Charlie Hollander, a New York diamond seller and online affiliate, does business with both Amazon and eBay. Hollandar explained that the two online retailers do business a little differently. “Amazon invoices the client directly, while eBay requires the seller to invoice and collect. And Amazon pays affiliates directly, minus a commission.” But Hollander said, Amazon deals with American sellers, while eBay has international sellers. “How are eBay sellers going to pay taxes to all of the countries, much less to all of the American states?” asked Hollander.

Other sellers are greatly concerned as well. Loren Bendel of, a Texas native who moved to California more than 14 years ago to pursue internet opportunities warned, “If California is not careful, they will actually be creating incentives to start businesses in other states. California is no longer the center of innovation and technology and creative breeding ground. People have other choices now.”

The fight between pro-business and pro-tax advocates appears to be growing more contentious. One would think that any legislation which creates opportunities for more private sector jobs would be championed by both political parties. More jobs means a larger base of taxpayers in the state.

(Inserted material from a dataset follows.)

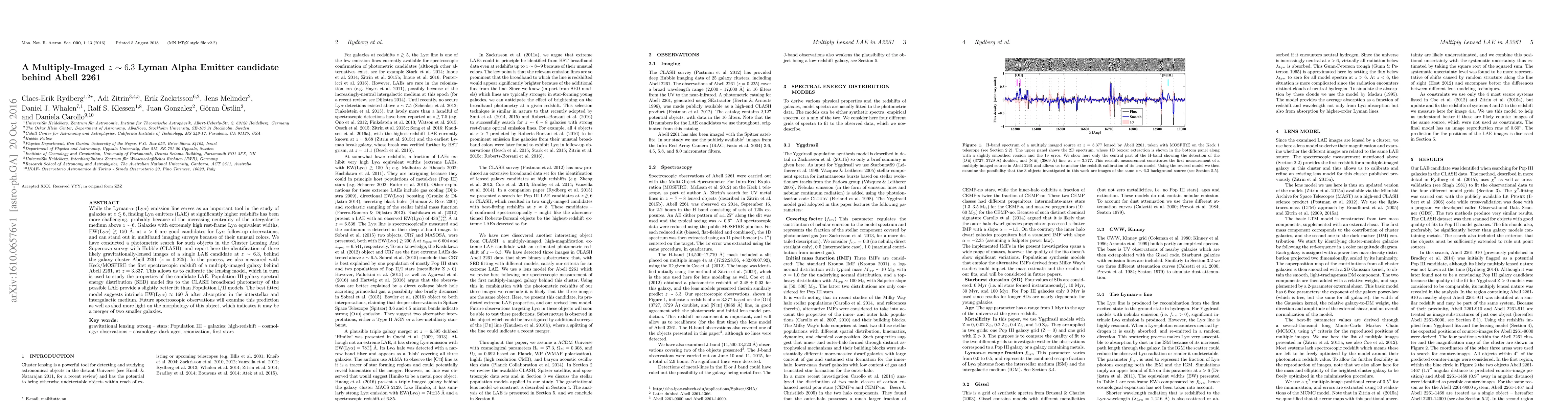 This paper identifies three likely gravitationally-lensed images of a high-redshift ($z\sim6.3$) Lyman Alpha Emitter (LAE) candidate behind the Abell 2261 galaxy cluster, using CLASH survey data. The study also calibrates the lensing model using a spectroscopic redshift of another galaxy at $z=3.337$, and suggests the LAE may be a merger based on its morphology.

Instead, with single party rule in California, we keep seeing legislation increasing taxes, and bills creating new taxing opportunities within the state. Legislation alleviating regulations or creating opportunities for business are killed almost immediately or during the committee process.

This is the third time internet tax legislation has been introduced in California.

AB 153 was passed by the Assembly 50-21, and is in the Senate.

SB 234 was passed by the Senate 22-17 and is in the Assembly.

Both bills were passed on party lines in the legislative committees, and in both houses of the Legislature.